We also identified DMCs in contrasts between controls and CRC cases grouped by pathology site. Consistent with stronger signals at disease markers in cases with pathology closer to the sample collection site, DMCs could be called in rectal (hyper-mCpGs = 1493, hypo-mCpGs = 299) and left-colon (hyper-mCpGs=35) cases with a significance threshold of FDR < 0.05, whereas DMCs could be called in mid-colon (hyper-mCpGs = 30) and right-colon (hyper-mCpGs = 1) cases only with more permissive thresholds (FDR < 0.1 and FDR < 0.5) (Fig. 4d–g).

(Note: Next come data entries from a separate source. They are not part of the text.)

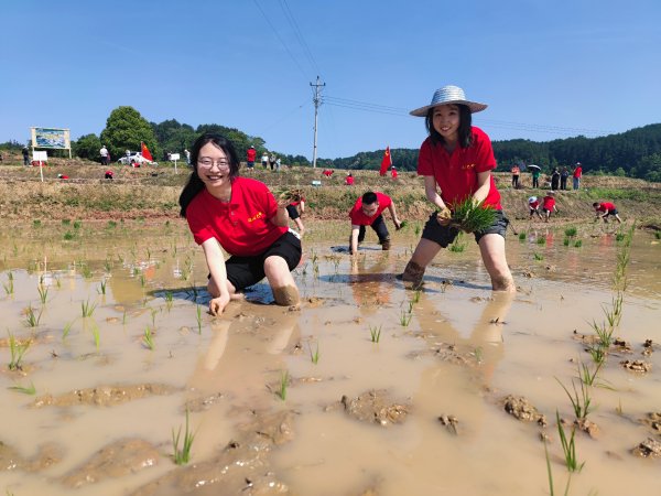 大伙擼起衣袖、脫下鞋襪,卷起褲腳,踩進田里,弓著腰下田運秧、拋秧、分苗、插秧,大家奮勇爭先,比質量、拼速度,一個個干勁十足,很快將近五畝的水田插上了綠茵茵的秧苗。插秧結束后,大家認真聽農技專家普及生態農業相關知識,對石灘大米的培育有了更加深入的認識。
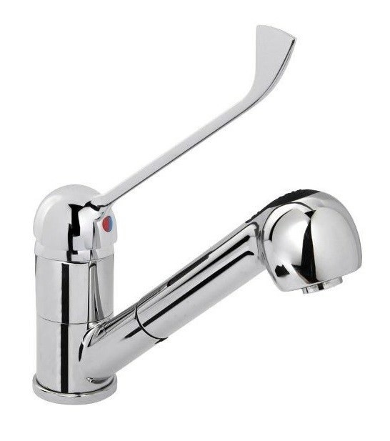 Stainless Steel Medical Deck Mounted Kitchen Faucet with Swivel Spout 230 mm and Pull-out Tap 1500 mm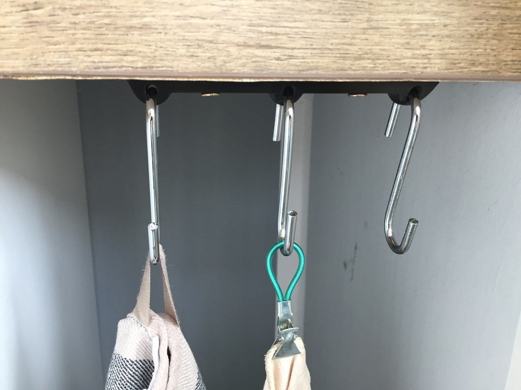 Ervaar een meer georganiseerde en functionele keukenruimte met deze slimme S-haakhouder. Deze houder is ontworpen om eenvoudig onder het aanrecht of een plank te worden gemonteerd en stelt u in staat uw bestaande S-haken te hergebruiken voor het ophangen van theedoeken, handdoeken of ander klein keukengerei.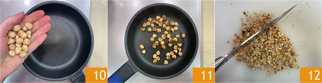 En attendant, versez les noisettes dans une poêle déjà chaude 10 et faites-les griller pendant quelques minutes, en veillant à ne pas les brûler 11. Hachez grossièrement les noisettes au couteau 12.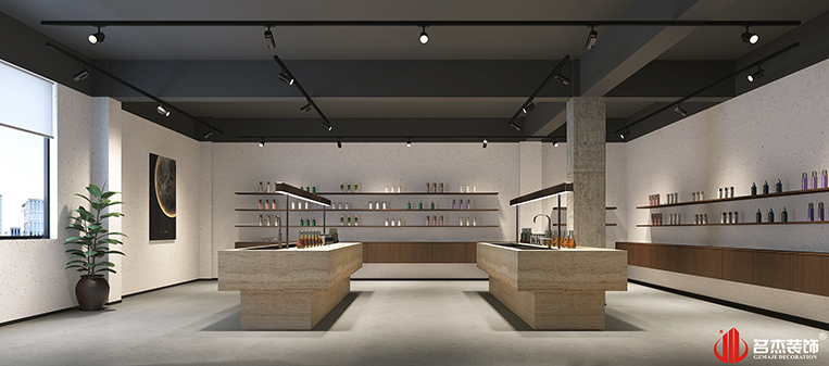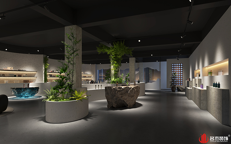 這次是一家以護膚類化妝品為主的銷售型企業(yè)。設計團隊做過很多化妝品行業(yè),對這個行業(yè)也是有一定的了解,而且這次甲方的要求跟以往的化妝品行業(yè)是不同的,是要以水泥風作為這次的主打風格,這也讓設計團隊重新思考該怎樣進行設計規(guī)劃布局了。

DMC overlap analyses for rectal cases revealed similar trends to those observed for CRC cases, while hyper-mCpGs in left-colon cases are more promoter-localised (Fig. 4d, e; Supplementary Data 1114).

Similar to findings for right-sided CRC cases, weak signals of pathology at DNA methylation marker genes were also detectable in late-stage polyps (hyper-mCpGs = 7, hypo-mCpGs = 3) and early-stage polyps (hyper-mCpGs=32, hypo-mCpGs = 2) cases relative to controls, with a relaxed significance threshold applied (FDR < 0.5) (Supplementary Figs. 15 and 16; Supplementary Data 15 and 16). Hyper-mCpGs in late-stage polyps significantly overlap chromatin state 01 (H3K4me3-marked “Active TSS”) (adjusted P = 0.013), while those in early-stage polyps associate with CGIs and chromatin state 10 (H3K4me3- and H3K27me3-marked “Bivalent/Poised TSS”) (each adjusted P = 0.0007).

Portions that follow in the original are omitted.